= Teganissorens =

Teganissorens (also known as Decanesora; c. 1682 – 1718) was an influential Onondaga chief, orator and diplomat. He played a leading role in English–French–Haudenosaunee relations during the last quarter of the seventeenth and first quarter of the eighteenth centuries.

==Biography==
He was strongly attached to the French, and in 1682 was placed at the head of a deputation of Haudenosaunee chiefs that was sent to Montreal to make terms with Frontenac and his Indian allies. It was soon discovered that the Haudenosaunee had sent Teganissorens as a blind, and were taking the field against the Illinois Confederation, while pretending to wish for peace. But the French governor dismissed him with honor, knowing that his influence did not extend to all the Haudenosaunee tribes.

He set out on a similar mission in 1688, and the preliminaries for a treaty were arranged between Denonville, the Canadian governor, and the Haudenosaunee deputies. The Hurons were dissatisfied with the proposed treaty, and, on the return of Teganissorens and his party, they were attacked by Kondiaronk, a Huron chief. Some were killed and others taken prisoners, among the latter Teganissorens, who, on complaining of this attack on an ambassador and a friend of the French, was told by Kondiaronk that the latter themselves had sent him. To show that he spoke sincerely, he at once released the Haudenosaunee ambassador.

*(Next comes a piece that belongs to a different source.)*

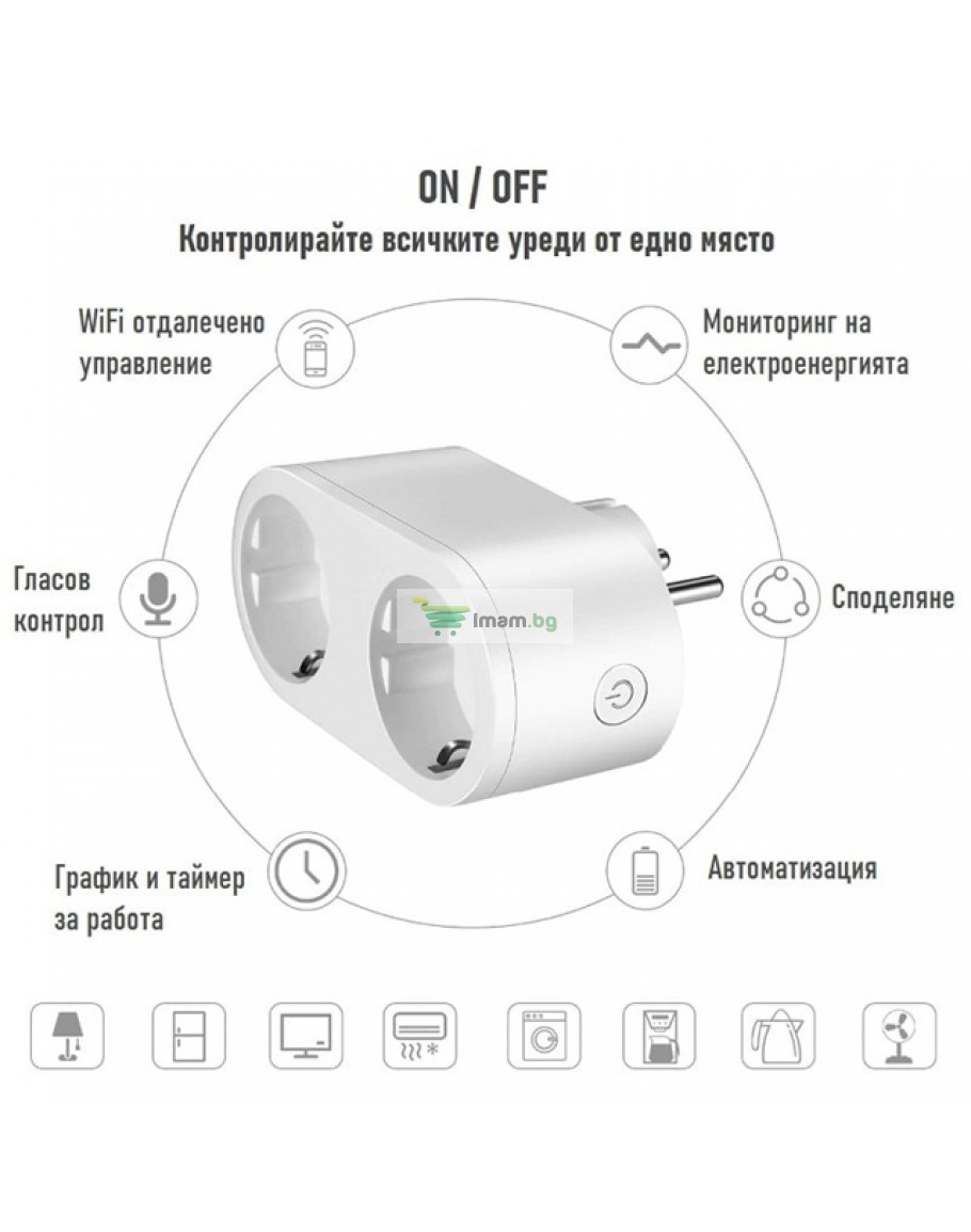 Умен двоен контакт с Wi-Fi, интелигентен таймер 16a, приложение

Teganissorens, however, remained loyal, and continued to render such services that he ranked with Oureouhare and Garaconthie as one of the three Indians to whom the French colony in Canada was most indebted.

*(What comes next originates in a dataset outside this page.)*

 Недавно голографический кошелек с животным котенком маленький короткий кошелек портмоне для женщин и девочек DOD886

He became a Christian in 1693, and in May 1694 arrived in Quebec with eight deputies. He was received with kindness by Frontenac, the governor, who gave him many presents. He proposed the restoration of Catarocouy (Kingston), and that it should be strengthened and made the bulwark of the colony. The suggestion was eagerly adopted by Frontenac, who prepared a large escort which was to conduct to that port a garrison, mechanics, and all necessary stores, but he was obliged to countermand the expedition, owing to an order from the French court. He excited the displeasure of the governor afterward by not returning to Montreal at a fixed date with the submission of some of the Haudenosaunee tribes who were holding back. But the reason of his delay was that he found his efforts to bring about a general reconciliation between the Haudenosaunee and the French abortive.

He remained at Onondaga, where he received three French ambassadors that had been sent to make a treaty with the Haudenosaunee on August 10, 1700. He afterward received both French and English agents and declared his intention of remaining neutral. Hearing in 1703 that some of the Haudenosaunee were concerting with Vaudreuil (who had then succeeded Callières in the government of the colony) an attack on the English settlements, Teganissorens went to Montreal and protested angrily against this breach of neutrality and declared that his tribe would take part for neither side. As the neutrality of the Haudenosaunee was what the French governor wanted, he assured the chief that he would not send any parties against the English in New York. Teganissorens, on his part, pledged himself to retain the missionaries that were in his country. In 1711 he informed Vaudreuil that preparations were made at New York, Albany, and Boston for an invasion of Canada.